Откуда-то вынырнул бледный постельничий Вокши – Свидин, колыхая тучным животом, бесстрашно пошел с мечом на толпу:
– Назад, поганцы!
Вокша, озверело сверкнув глазами, крикнул властно:
– Чудин! Вои!
Отстегивая на ходу секиры, звеня щитами, ринулись на простой люд воеводские дружинники, мечами били плашмя по головам, кололи, разгоняли непокорных.
– Руби! – неистово кричал Вокша. Налитые кровью глаза его обжигали яростным гневом. – Руби!
Он умолк, тяжело переводя дыхание. Сильно прихрамывая, пошел с площади к своему двору.
Свидин катился рядом, едва поспевая.
– Должник! – бросил ему, как кость, Вокша. – Что попросишь – сполню.
Свидин, не останавливаясь, приложил руку к груди.
– Ведаю, ведаю, – сорванным голосом прохрипел Вокша, – не из корысти…
ОЛЕНА
К вечеру, одевшись попроще, Вокша неторопливо спускался тропой к горе Киселевке. Находил особое удовольствие бродить вот так, одиноко. Позади, не мешая думать, не попадаясь на глаза, верной тенью следовал постельничий Свидин.
В детстве, как ни лечил Вокше ногу греческий врач – и кровь пускал, и держал ногу в воде от вареной бараньей головы, и давал пить настои на чешуе безглазой рыбы подземного озера, на камне, извлеченном из индийского удава, – ничто не помогло: хромота осталась. Потом подстерегла новая беда: в бою с печенегами упал с коня на больное колено. Но, противясь недугу, старался больше ходить.
…Солнце, как улыбкой, внезапно осенило Днепр, белую песчаную косу вдоль Почайны, сочные травы, лозовые заросли. Все вокруг осветилось мягким и словно бы немного утомленным светом.
Осень уже опалила красным и желтым огнем деревья. Только дикие яблони крепились, бодро шумели мелколистьем, прятали свои плоды в лежалых, поседевших травах.
Вокша проходил мимо обмытых ливнями корней деревьев. Под ногами шелестели первые опавшие листья. Грусть невольно подкрадывалась к сердцу.
«Скоро и с дуба лист опадет… И дуб стареет…» – вздохнул он.
Когда было сорок, шестьдесят казались старостью. А ныне – шестьдесят. Ровесник князю. Ровесник и единомыслец. Сросся с ним.
Кровью отмечены годы борьбы со Святополком, убийцей трех братьев князя, убийцей, не погнушавшимся с помощью польского короля Болеслава и печенегов овладеть Киевом… Но разгромили Окаянного на берегах Альты…
Как сейчас помнит: предрассветный Днепр… переправа… Ладьи, оттолкнутые от берега, чтобы не отступать. И красавец Киев, возникший в тумане, совсем не такой, каким сохранила его детская память…
…Пахло прелым листом, набухшей корой… Днем не однажды проходил полосою дождь, и теперь, когда резкие порывы ветра сбрасывали с деревьев капли воды, казалось, дождь снова шуршит листвой.
Из-за поворота горы показался изгиб Днепра. Борисфеном, «текущим от севера», назвали его греки. Вот прожил в Новгороде почти десять лет, а не полюбил Волхов так, как Днепр… Может быть, потому, что помнил о замкнутых и перерезанных в Ракоме новгородцах? Так нет, совесть не мучила его: ведь и в этом помогал князю. Непокорную чадь надо всегда гнуть к земле. Только вороны летают прямо, правителям же дозволены петлявые пути. И ныне князь заточил в темницу своего соперника – брата Судислава, чтобы остаться самовластцем на Руси. В этом восхождении Ярослава и его, Вокшина, доля… Нет, не только единомыслец он князя – часть его.

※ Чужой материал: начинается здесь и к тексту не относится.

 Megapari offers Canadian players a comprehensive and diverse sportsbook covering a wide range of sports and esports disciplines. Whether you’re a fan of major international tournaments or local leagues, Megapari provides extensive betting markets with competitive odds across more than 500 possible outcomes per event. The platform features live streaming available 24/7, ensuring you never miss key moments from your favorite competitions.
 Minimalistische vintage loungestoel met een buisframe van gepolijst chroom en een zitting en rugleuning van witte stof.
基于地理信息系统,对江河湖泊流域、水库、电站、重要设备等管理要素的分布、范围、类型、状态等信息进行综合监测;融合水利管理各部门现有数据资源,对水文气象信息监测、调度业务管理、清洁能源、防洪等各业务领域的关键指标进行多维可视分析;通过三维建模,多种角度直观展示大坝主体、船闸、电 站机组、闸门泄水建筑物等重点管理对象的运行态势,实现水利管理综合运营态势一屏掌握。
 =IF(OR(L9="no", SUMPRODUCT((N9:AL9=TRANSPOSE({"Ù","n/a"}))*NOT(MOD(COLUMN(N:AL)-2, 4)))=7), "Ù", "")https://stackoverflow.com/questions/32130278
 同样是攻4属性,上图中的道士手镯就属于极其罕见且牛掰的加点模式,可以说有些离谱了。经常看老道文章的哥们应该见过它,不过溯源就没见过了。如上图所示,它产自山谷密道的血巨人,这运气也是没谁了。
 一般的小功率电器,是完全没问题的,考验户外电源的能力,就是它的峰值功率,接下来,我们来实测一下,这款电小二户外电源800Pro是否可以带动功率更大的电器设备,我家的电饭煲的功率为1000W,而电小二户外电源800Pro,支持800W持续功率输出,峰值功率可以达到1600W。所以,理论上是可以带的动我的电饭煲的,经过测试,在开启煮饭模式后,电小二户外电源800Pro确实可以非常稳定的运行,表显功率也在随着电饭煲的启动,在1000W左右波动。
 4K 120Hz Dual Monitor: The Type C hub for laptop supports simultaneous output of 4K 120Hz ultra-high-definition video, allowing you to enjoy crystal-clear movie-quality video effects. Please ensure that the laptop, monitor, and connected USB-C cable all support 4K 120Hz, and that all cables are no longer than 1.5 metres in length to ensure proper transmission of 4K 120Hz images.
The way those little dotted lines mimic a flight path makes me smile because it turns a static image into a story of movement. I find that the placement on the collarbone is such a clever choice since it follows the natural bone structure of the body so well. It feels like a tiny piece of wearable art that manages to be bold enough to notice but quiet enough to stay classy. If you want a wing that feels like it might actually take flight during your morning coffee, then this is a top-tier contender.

Память невольно обратилась к сегодняшнему мятежу. Надобно около себя всегда держать дружинников.
И давно пора иметь свод законов – узду для тех, кто не признает власти, кто готов покуситься на чужое добро. Неспроста с близкими боярами составлял князь такой свод…

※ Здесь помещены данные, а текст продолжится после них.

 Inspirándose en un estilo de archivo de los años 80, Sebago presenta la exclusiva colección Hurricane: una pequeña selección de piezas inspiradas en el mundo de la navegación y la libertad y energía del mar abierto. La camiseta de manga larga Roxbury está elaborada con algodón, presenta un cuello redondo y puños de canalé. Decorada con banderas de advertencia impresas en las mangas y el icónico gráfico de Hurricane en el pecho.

Вокша остановился. Откуда-то сверху доносился нежный девичий голосок необычайной красоты и певучести:
Заря ль моя зоренька,Ты сестрица солнцева…
Осторожно и ласково, словно золотистая нить, сплетенная трепетными пальцами, вилась песня о ясной заре, о тихой воде. И столько было в ней безыскусности, чистоты, что невольно пробудила она у Вокши воспоминание о его молодой матери, певшей ему в детстве эту же песню. Никогда не знает человек, что способна сохранить память сердца. Так порой отчий дом, забытая песня, случайно оброненное слово вдруг всколыхнут, казалось бы, утерянное навсегда.